We will focus on three key elements for producing epicurves: histogram plots, scaling date axes and their labels, and general plot theme annotation. The example below demonstrates how to configure these three elements for a simple incidence2 object.

R

# Define date breaks for the x-axis
breaks <- seq.Date(
  from = min(as.Date(daily_incidence$date_index, na.rm = TRUE)),
  to = max(as.Date(daily_incidence$date_index, na.rm = TRUE)),
  by = 20 # every 20 days
)

# Create the plot
ggplot2::ggplot(data = daily_incidence) +
  geom_histogram(
    mapping = aes(
      x = as.Date(date_index),
      y = count
    ),
    stat = "identity",
    color = "blue", # bar border color
    fill = "lightblue", # bar fill color
    width = 1 # bar width
  ) +
  theme_minimal() + # apply a minimal theme for clean visuals
  theme(
    plot.title = element_text(face = "bold", hjust = 0.5), # title center + bold
    plot.subtitle = element_text(hjust = 0.5), # center subtitle
    plot.caption = element_text(face = "italic", hjust = 0), # italic caption
    axis.title = element_text(face = "bold"), # bold axis titles
    axis.text.x = element_text(angle = 45, vjust = 0.5) # rotated x-axis text
  ) +
  labs(
    x = "Date", # x-axis label
    y = "Number of new cases", # y-axis label
    title = "Daily Outbreak Cases", # plot title
    subtitle = "Epidemiological Data for the Outbreak", # plot subtitle
    caption = "Data Source: Simulated Data" # plot caption
  ) +
  scale_x_date(
    breaks = breaks, # set custom breaks on the x-axis
    labels = scales::label_date_short() # shortened date labels
  )

WARNING

Warning in geom_histogram(mapping = aes(x = as.Date(date_index), y = count), :
Ignoring unknown parameters: `binwidth` and `bins`

Use the group option in the mapping function to visualize an epicurve with different groups.

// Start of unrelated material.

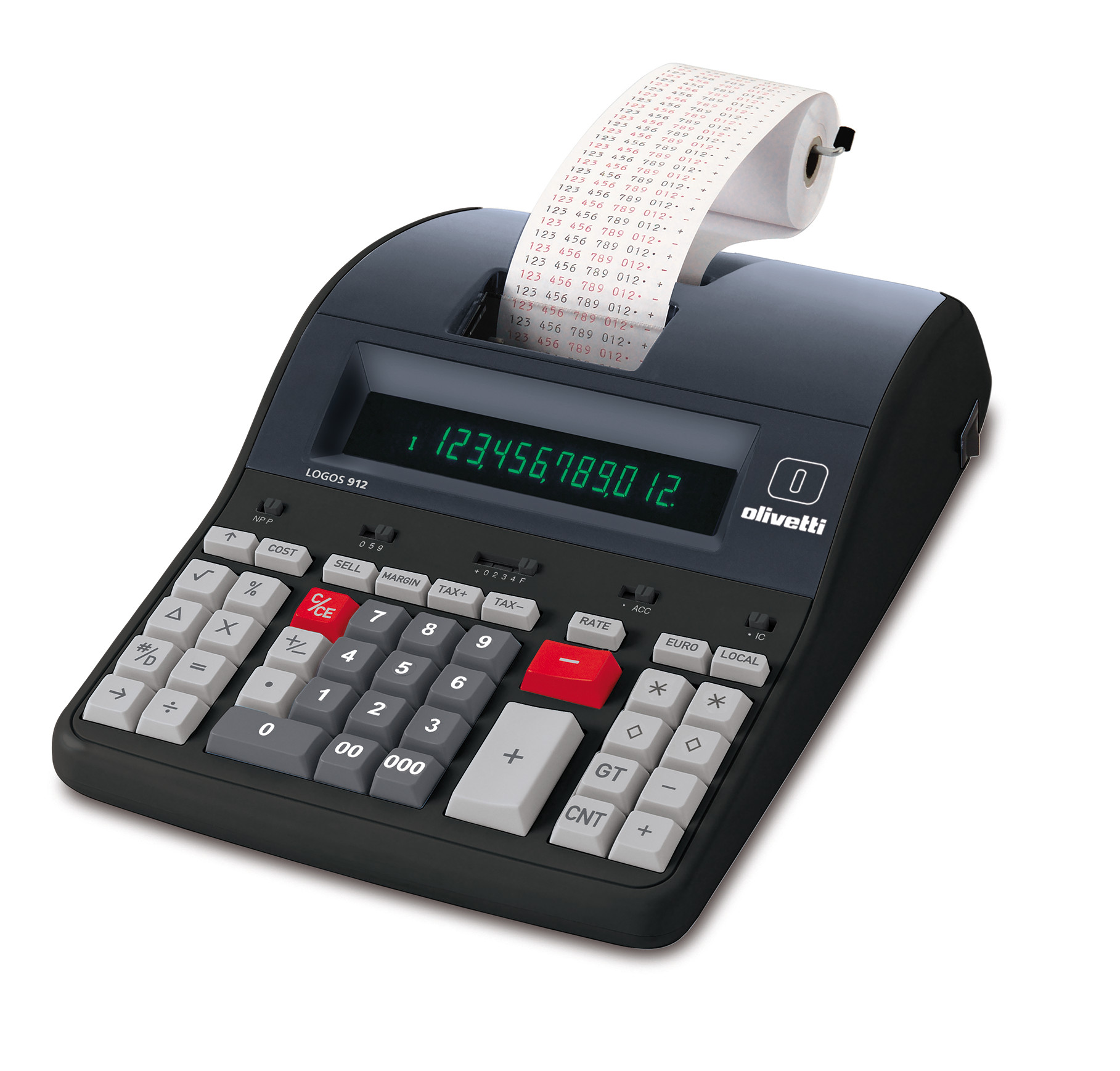 Calcolatrice caratterizzata dall’esclusiva logica di calcolo Olivetti “GT Logic”.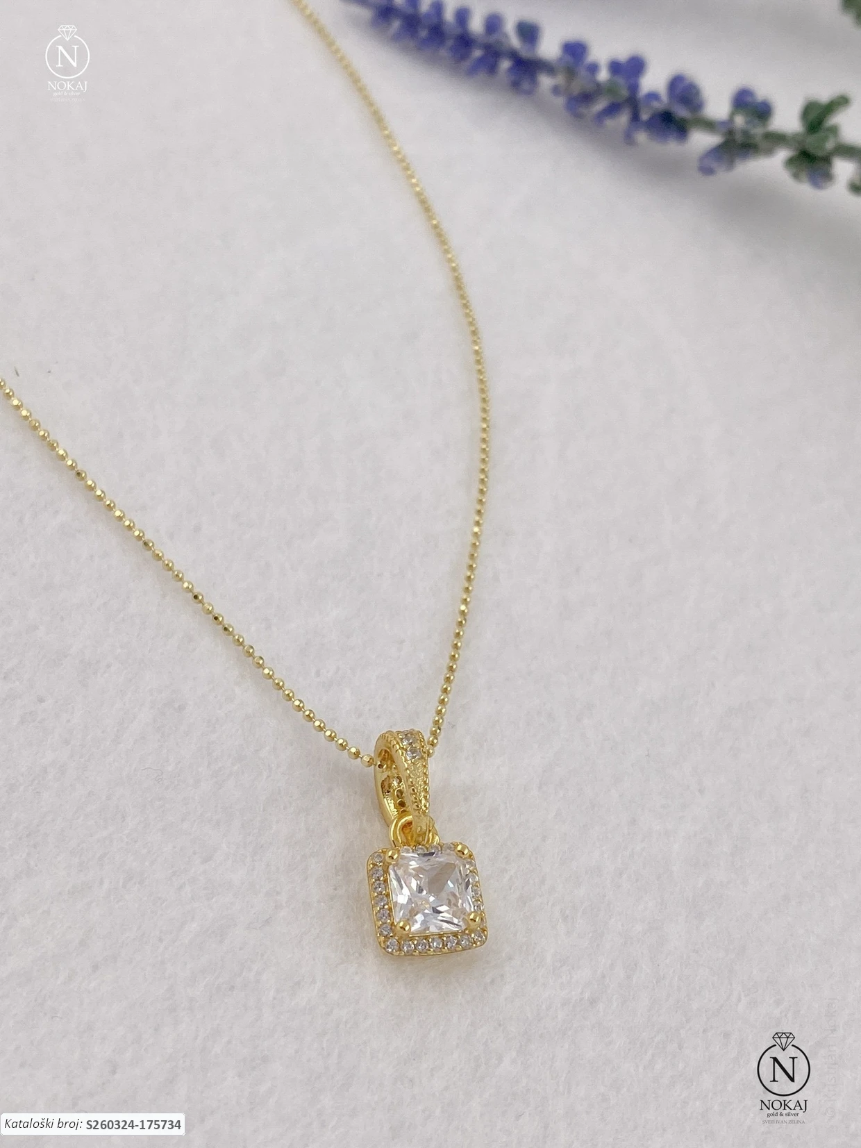Srebrna ogrlica čistoće 925/1000, pozlaćena slojem 18k žutog i ružičastog zlata, ukrašena cirkonom.

If there is more than one grouping factor, use the facet_wrap() option, as demonstrated in the example below:

R

# Create a daily incidence object grouped by sex
daily_incidence_2 <- incidence2::incidence(
  sim_data,
  date_index = "date_onset",
  groups = "sex",
  interval = "day", # Aggregate by daily intervals
  complete_dates = TRUE # Complete missing dates
)

R

# Plot daily incidence faceted by sex
ggplot2::ggplot(data = daily_incidence_2) +
  geom_histogram(
    mapping = aes(
      x = as.Date(date_index),
      y = count,
      group = sex,
      fill = sex
    ),
    stat = "identity"
  ) +
  theme_minimal() + # apply minimal theme
  theme(
    plot.title = element_text(face = "bold", hjust = 0.5), # title bold + center
    plot.subtitle = element_text(hjust = 0.5), # center the subtitle
    plot.caption = element_text(face = "italic", hjust = 0), # italic caption
    axis.title = element_text(face = "bold"), # bold axis labels
    axis.text.x = element_text(angle = 45, vjust = 0.5) # rotate x-axis text
  ) +
  labs(
    x = "Date", # x-axis label
    y = "Number of cases", # y-axis label
    title = "Daily Outbreak Cases by Sex", # plot title
    subtitle = "Incidence of Cases Grouped by Sex", # plot subtitle
    caption = "Data Source: Simulated Data" # caption for additional context
  ) +
  facet_wrap(~sex) + # create separate panels by sex
  scale_x_date(
    breaks = breaks, # set custom date breaks
    labels = scales::label_date_short() # short date format for x-axis labels
  ) +
  scale_fill_manual(values = c("lightblue", "lightpink")) # custom fill colors

WARNING

Warning in geom_histogram(mapping = aes(x = as.Date(date_index), y = count, :
Ignoring unknown parameters: `binwidth` and `bins`
Key Points
  • Use the simulist package to generate synthetic outbreak data
  • Use the incidence2 package to aggregate case data based on a date event, and other variables to produce epidemic curves.
  • Use the ggplot2 package to produce better annotated epicurves.